For larger companies, the odds are better, though they often take a short-term hit.
Data from Birinyi Associates Inc shows Russell 1000 stocks that have enacted a reverse split since 1990 have seen an average decline in their stock price of 1.6 percent 30 days after the split.
A number of big-cap names have been successful, including Priceline.com, which did this in 2003 when shares were less than $5 a share. It now trades at about $530 a share.
Larger companies often engineer a reverse split to boost their share price to attract institutions, some of which are prohibited from owning low-priced stocks. This often makes shares less volatile as well.
"You can call it the peer pressure factor -- all of their competitors are in the double digits while their stock was in the single digits," said Mohannad Aama, managing director at Beam Capital Management LLC in New York.
"Over time they do increase institutional ownership -- that may have been the main driving factor."
Some continue to struggle post-split. Brocade Communications did a 1-for-100 reverse split that bumped its stock to about $8 a share from 80 cents in June 2007; shares are currently at $6.29. Ciena is down about 28 percent since its September 2006 split.

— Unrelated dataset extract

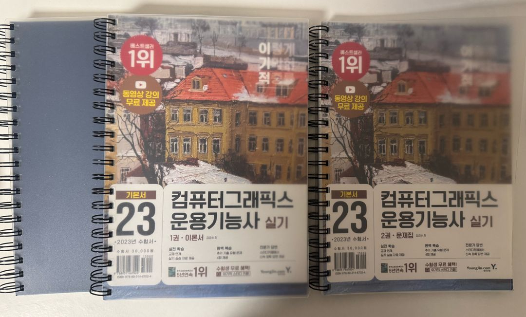 컴퓨터그래픽스기능사 실기 수험소 스프링 제본으로 되어있어 공부하기 편리해요 실기 시험 준비하시는 분께 추천드립니다. 미사용 제품
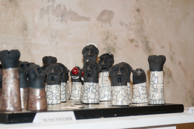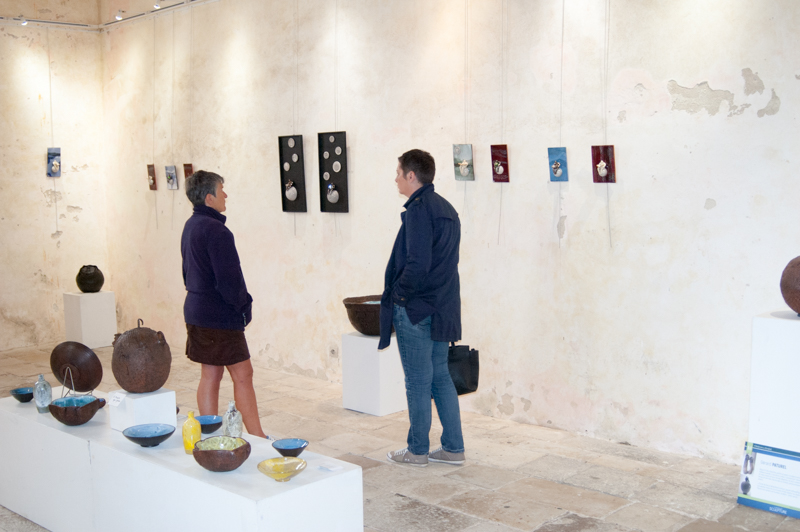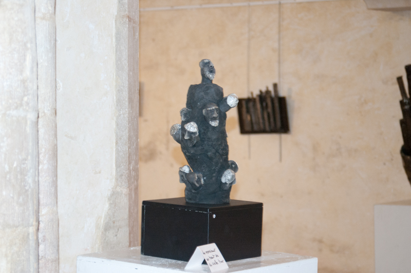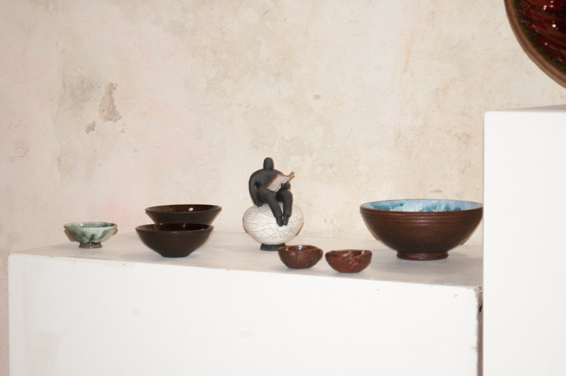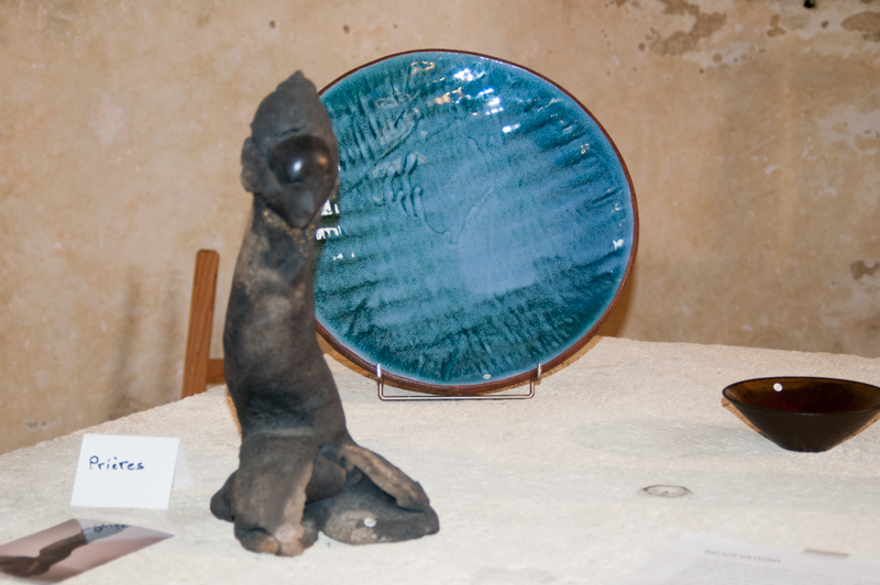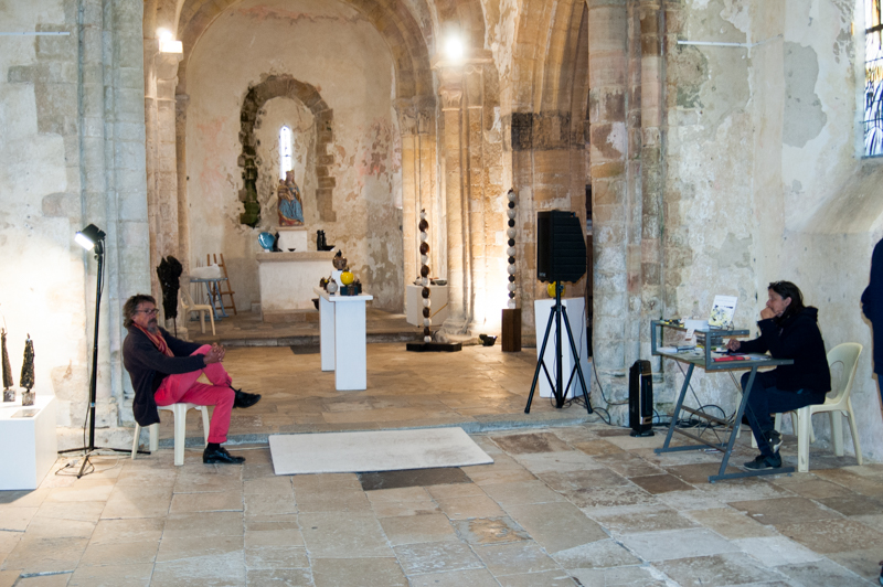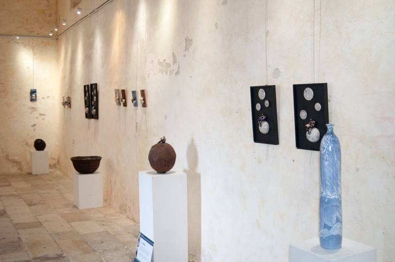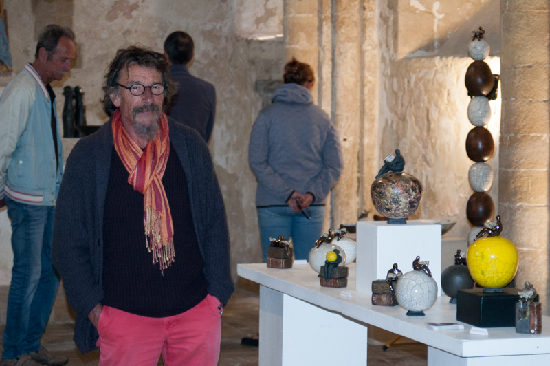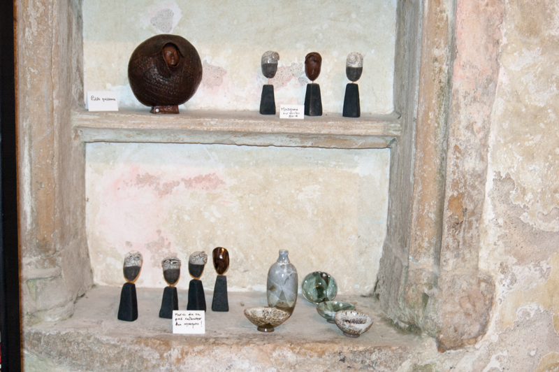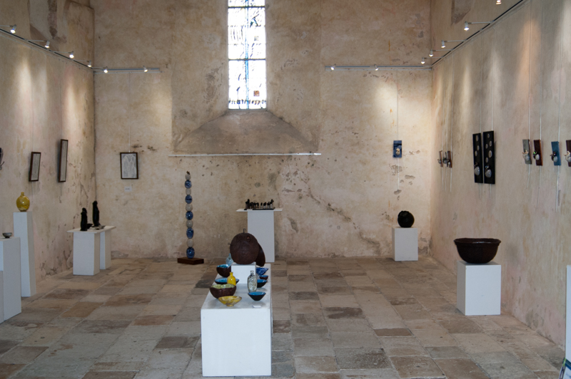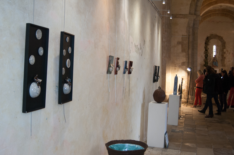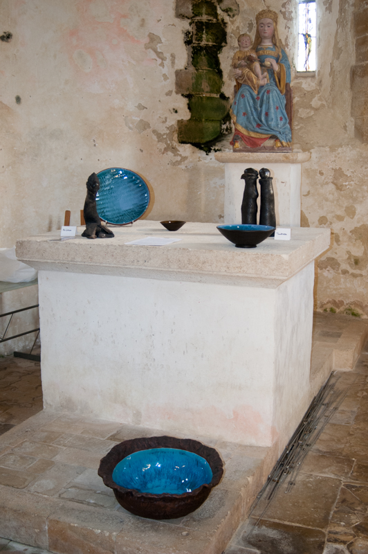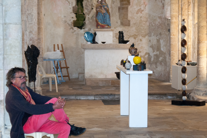 Passages heureux dans cette église au-delà du temps, rencontres épanouissantes. Toujours revenir au point de départ en se renouvelant tout en restant soi-même. Avancer en poésie� Sculptures céramiques , bols ,coupes , masques , totems , petits personnages occupés à lire et quelques incursions sur les murs, de collages et tableaux divers. Deux semaines lumineuses en perspective entre mer et pierres�

Priceline.com was an exception, though the stock took a few years to take off. Shares of insurer American International Group Inc fell in 2009 after a 1-for-20 reverse split, although the stock has rebounded since.
Citigroup, which saw its shares hit a nadir of 97 cents in March 2009 in the wake of the financial crisis, may be another -- but it depends on company performance.
"It could be the exception that proves our rule," April Klein, a professor at New York University's Stern School of Business, said.
Klein co-wrote a 2008 study with Emory University's Goizueta Business School finance professor James Rosenfeld showing that those that conduct reverse splits often suffer poor market and operating performance for years post-split.
"Most of the companies on our list were not 'too big to fail.' Also, there was no delisting threat here," Klein said.
With shares at a higher price, the company may be held to a higher standard.
"Why would anybody own Citigroup when they can own JPMorgan for the same share price?" said Mark Sebastian, chief operating officer of Option Pit Mentoring, an options education firm in Chicago.
"JPMorgan is a much better company. Now there is actual price risk for the stock when it wasn't at $4.50."
The shares are trading in the mid-$40s for the first time since October 2007 when the bank started to recognize billions of dollars of losses on bad loans.
Citigroup shares fell on the day in March when the bank announced its reverse split, and industry observers had forecast they would fall again on Monday.